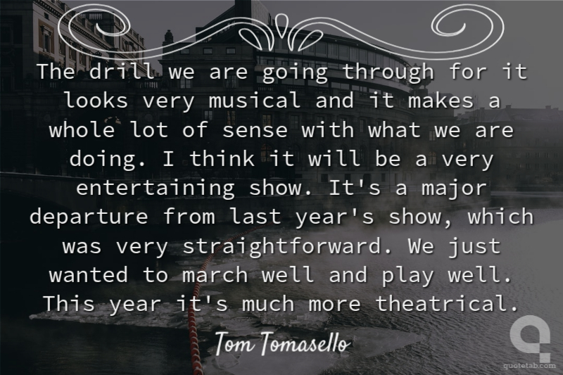 The drill we are going through for it looks very musical and it makes a whole lot of sense with what we are doing. I think it will be a very entertaining show. It's a major departure from last year's show, which was very straightforward. We just wanted to march well and play well. This year it's much more theatrical.
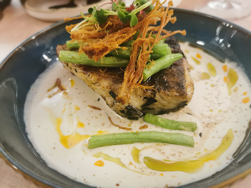 Read moreThe food here is amazing, absolutely good..the menu is so interesting. Congratulations to Chef Hou who has done such a wonderful menu. Our first course was the nasi ulam, the combination of flavours n texture of the crispy rice eaten together with the cured barracuda n the pickled onions and herbs really tickle and wake up our taste buds. Our second course was the ox tongue braised in red wine to perfection, tender and eaten together with garlic aoili, capers and pickled onion is another superb dish. We then had the white prawns which was so flavourful, perfectly grilled with fermented prawn butter, wakame n the age soy sauce made the prawns so tasty. It comes with a few pieces of charcoal grilled toast. I dont really eat bread but i tried one piece of the toast and was absolutely impressed as the toast soaked up the flavourful oil. Our main course was charcoal grilled barramundi with banana leaf in a miso coconut and the fish was so beautiful cooked n taste so good with the coconut miso cream. We also ordered a side dish of grilled cauliflower with spicy mala cream. The combination of the cauliflower with the mala (sichuan pepper) cream was again another wake up to the taste buds n it goes so well with the grilled cauliflower. The fun part is the dessert. I love the "drink Guinness stout and eat peanut" which is a combination of Guinness stout ice cream with peanut butter parfait, again it tickles my taste bud which gives me this great satisfying finale to my whole meal and my hubby love the char siew bacon ice-cream.. I am very impressed with Chef Hou who has done a wonderful job combining the different flavour and texture to give us a truly yummy tasty n flavourful adventure, tickling our tastebuds with perfection.
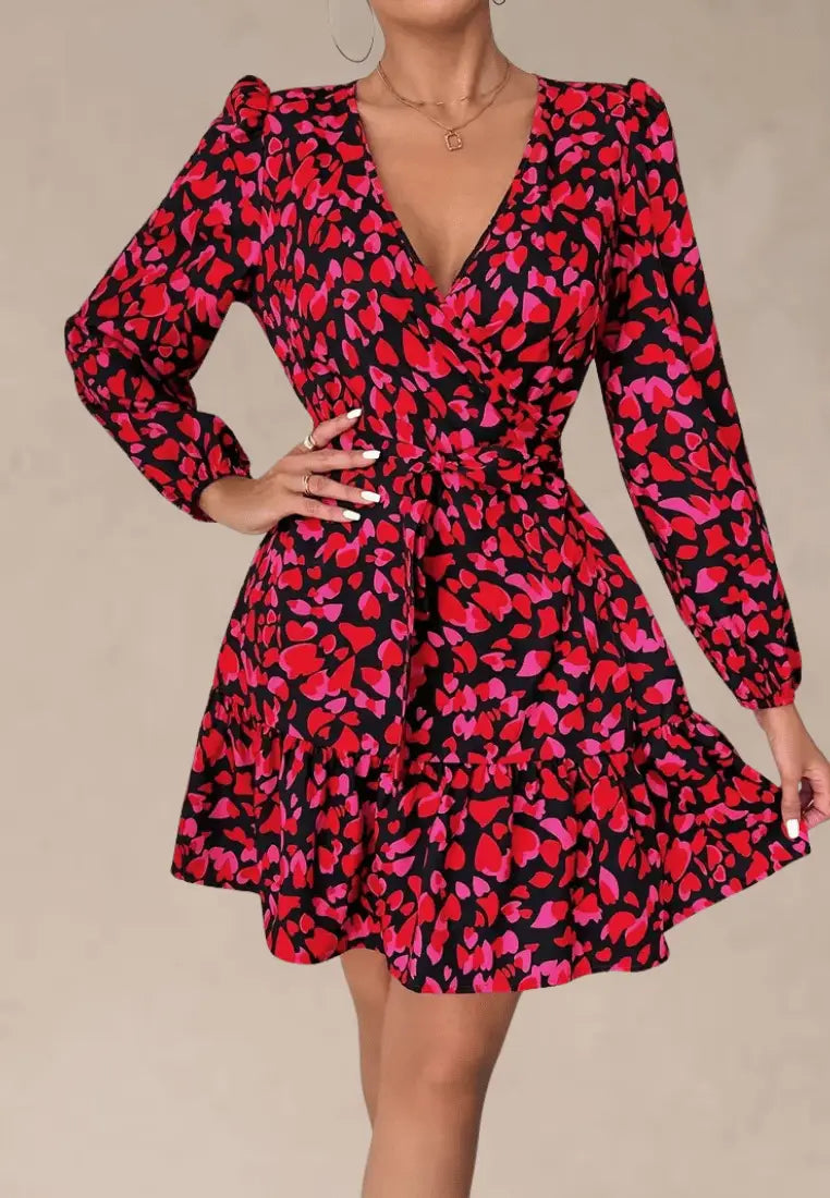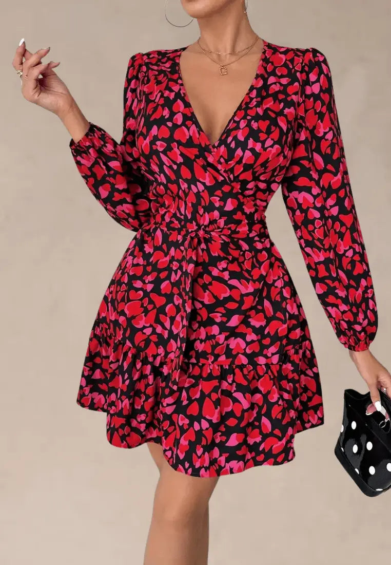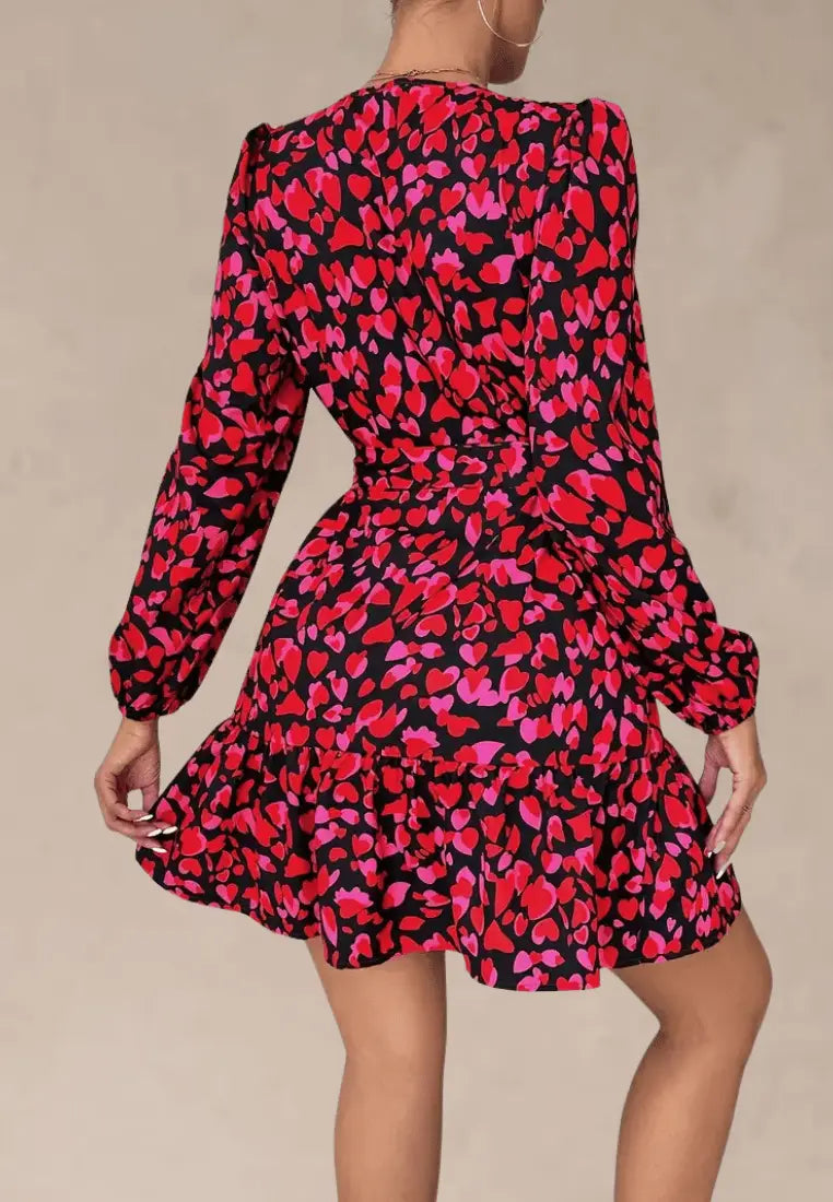 Czerwona sukienka w print serca z falbaną i kopertowym dekoltem

WORK REQUEST - The listing above must be retyped word for word, without the pictures.

OUTPUT OF THE TASK -
 The drill we are going through for it looks very musical and it makes a whole lot of sense with what we are doing. I think it will be a very entertaining show. It's a major departure from last year's show, which was very straightforward. We just wanted to march well and play well. This year it's much more theatrical.
 Read moreThe food here is amazing, absolutely good..the menu is so interesting. Congratulations to Chef Hou who has done such a wonderful menu. Our first course was the nasi ulam, the combination of flavours n texture of the crispy rice eaten together with the cured barracuda n the pickled onions and herbs really tickle and wake up our taste buds. Our second course was the ox tongue braised in red wine to perfection, tender and eaten together with garlic aoili, capers and pickled onion is another superb dish. We then had the white prawns which was so flavourful, perfectly grilled with fermented prawn butter, wakame n the age soy sauce made the prawns so tasty. It comes with a few pieces of charcoal grilled toast. I dont really eat bread but i tried one piece of the toast and was absolutely impressed as the toast soaked up the flavourful oil. Our main course was charcoal grilled barramundi with banana leaf in a miso coconut and the fish was so beautiful cooked n taste so good with the coconut miso cream. We also ordered a side dish of grilled cauliflower with spicy mala cream. The combination of the cauliflower with the mala (sichuan pepper) cream was again another wake up to the taste buds n it goes so well with the grilled cauliflower. The fun part is the dessert. I love the "drink Guinness stout and eat peanut" which is a combination of Guinness stout ice cream with peanut butter parfait, again it tickles my taste bud which gives me this great satisfying finale to my whole meal and my hubby love the char siew bacon ice-cream.. I am very impressed with Chef Hou who has done a wonderful job combining the different flavour and texture to give us a truly yummy tasty n flavourful adventure, tickling our tastebuds with perfection.
 Czerwona sukienka w print serca z falbaną i kopertowym dekoltem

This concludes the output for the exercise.